It is said, in an attempted distinction of Terry’s case, that there the delay was short, while here it was long.9 I fail to understand, how the shortness, in Terry’s case, of the interval between misconduct and punishment can support the in-the-very-same-case argument.10 For that shortness cannot alter the basic fact that, in Terry’s case, the summary punishment could not conceivably tend to prevent anyone from interfering with the orderly progress of the very case in which the improper interference took place. If, then, an exclusively in-future-cases-deterring effect does not suffice to sustain a summary contempt proceed*458ing, Terry’s case was wrongly decided. But the Advisory Committee’s note to Rule 42(a) — the Rule authorizing summary contempt procedure — reads: “This Rule is substantially a restatement of existing law”; and the note cites Ex parte Terry in support of that statement.

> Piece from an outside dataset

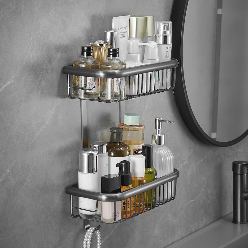 伸線銃灰全銅浴室棚シャワー室二重四方網かごトイレ壁掛け式収納棚

That the in-future-cases-deterring effect is the primary reason for permitting summary punishment of in-court contempt appears from In re Oliver, 333 U.S. 257, 68 S.Ct. 499, 92 L.Ed. 682. There the lower court had summarily punished alleged misconduct occurring at a secret court hearing. The Supreme Court held the summary procedure constitutionally invalid. After observing, 333 U.S. at page 275, 68 S.Ct. at page 509, that summary punishment may be used,only where it is essential to prevent “demoralization of the Court’s authority before the public,” the Supreme Court said, 333 U.S. at page 276, 68 S.Ct. at page 509: “Since the petitioner’s alleged misconduct all occurred in secret, there could be no possibility of a demoralization' of the court’s authority before the public.”11 In other words, the Supreme Court was saying that, since the misbehavior could not be known to other persons, and thus could not stimulate them to obstruct other trials, therefore, on that ground alone, summary punishment was improper. Someone, to be sure, may suggest that the Supreme Court did not have in mind the protection of a “court’s authority before the public” through such deterrence of others in other trials, but meant merely the preservation of the judiciary’s general glamor or a worshipful public attitude towards judges. But in 1821 the Supreme Court made it plain that the judicial power to punish contempt did not rest' on so weak a foundation as the judges’ desire for public admiration;12 and the Supreme Court, in effect, said the same 120 years later, in 1941.13

On the basis of the Oliver case, appellants however argue: “The prevention of such demoralization is the reason for making contempt a crime — not for imposing punishment without trial. It represents the rationale for punishment, not for the method by which it is imposed.” A reading of the Oliver opinion will answer this argument: The Court, I think, there held that, because there was no demoralization of the court’s authority “before the public,” summary punishment — but, by no means, every other form of punishment for contempt — was improper.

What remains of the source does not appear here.